20 de março de 20263 min de leitura

Migrando do Ingress para Gateway API: Análise estratégica do Ingress2Gateway 1.0

Com a aposentadoria do Ingress-NGINX oficializada para março de 2026, o cenário de networking no Kubernetes enfrenta uma mudança estrutural necessária. Para empresas brasileiras que operam ambientes críticos em produção, esta não é apenas uma descontinuação de ferramenta, mas um convite à modernização forçada para a Gateway API.

O desafio da migração

A transição do Ingress para a Gateway API não é uma simples troca de componentes. Enquanto o Ingress tradicional se baseia em uma API simplista que frequentemente depende de anotações proprietárias e ConfigMaps para funcionalidades avançadas, a Gateway API introduz um modelo modular e extensível. O grande gargalo para o time de engenharia está na complexidade de mapear comportamentos legados — como rewrites, timeouts e políticas de segurança personalizadas — para a nova estrutura sem gerar indisponibilidade ou estouro de latency.

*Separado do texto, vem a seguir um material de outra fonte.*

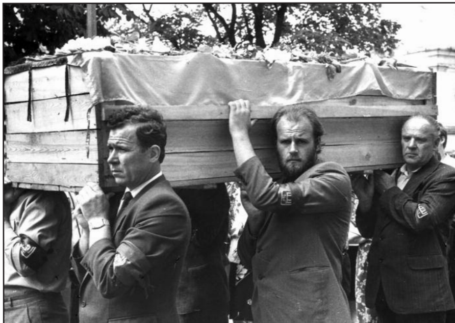
Tremtinių palaikų sugrįžimas, 1989 m.

priemonėmis. Pašauktam lietuviui tikimybė tarnauti 3 ar 2 metus savame krašte buvo nedidelė. Tolinieji Rytai, bekrastis Sibiras, Vidurinės Azijos plotai, Kaukazo respublikos ir sritys, Tolimoji Šiaurė ir visa tai, ką pasiekdavo galingai besiplečiantis rusų laivynas, buvo per prievartą jaukinami. Muštras, patyčios ir manipuliacijos pasaulio vaizduote sruvo bendra vaga ir daugiau ar mažiau deformavo tautinio tapatumo jausmus. Vėlgi, dešimtims tūkstančių jaunų lietuvių velkantis rusiškas uniformas, sunku statistiškai nustatyti, kiek jų per tarnybos metus įsimylėjo peizažus ar vietines moteris ir liko toli nuo tėvynės. Absoliuti dauguma sugrįždavo namo, laukiami artimųjų ir saugantys lietuviško prierašumo prie savosios žemės jausmus.

O papel do Ingress2Gateway 1.0

O lançamento da versão 1.0 do Ingress2Gateway endereça esse gap operacional. O objetivo não é ser uma ferramenta de "um clique e pronto", mas sim um assistente de migração que atua no levantamento de inventário e na tradução de manifestos. A melhoria crítica desta versão 1.0 é o suporte expandido a mais de 30 anotações comuns do Ingress-NGINX (como CORS, backend TLS e path rewriting).

Pontos de atenção para a engenharia brasileira

  • Testes de Comportamento, não de YAML: O Ingress2Gateway utiliza testes de integração que validam o comportamento em tempo de execução. Isso é vital para evitar erros em produção que a simples validação estática de manifestos não detectaria.
  • Validação Manual Obrigatória: A ferramenta emite avisos (warnings) claros sobre o que não pôde ser traduzido automaticamente (por exemplo, configurações de proxy-body-size). Não trate o output como definitivo.
  • Estratégia de Rollout: Nunca substitua o controller de entrada de uma vez. Utilize uma estratégia de weighted DNS ou traffic shifting via load balancer para garantir a resiliência do tráfego durante a transição.

Avaliação da ferramenta em ambiente real

A execução do comando de print (ingress2gateway print --providers=ingress-nginx) gera um template de Gateway API, mas o sucesso depende da análise dos logs de erro. Observamos que, ao migrar para a Gateway API, algumas implementações como Envoy Gateway ou Istio podem exigir ajustes finos. O fato de a ferramenta alertar sobre desalinhamentos em timeouts e normalização de URL é um diferencial para times que buscam não apenas migrar, mas otimizar a camada de tráfego.

Lembre-se: o objetivo final deve ser remover a dependência de anotações customizadas e adotar as políticas nativas da Gateway API, reduzindo assim o risco de débitos técnicos futuros e aumentando a previsibilidade do seu deployment.


Artigo originalmente publicado em Kubernetes Blog.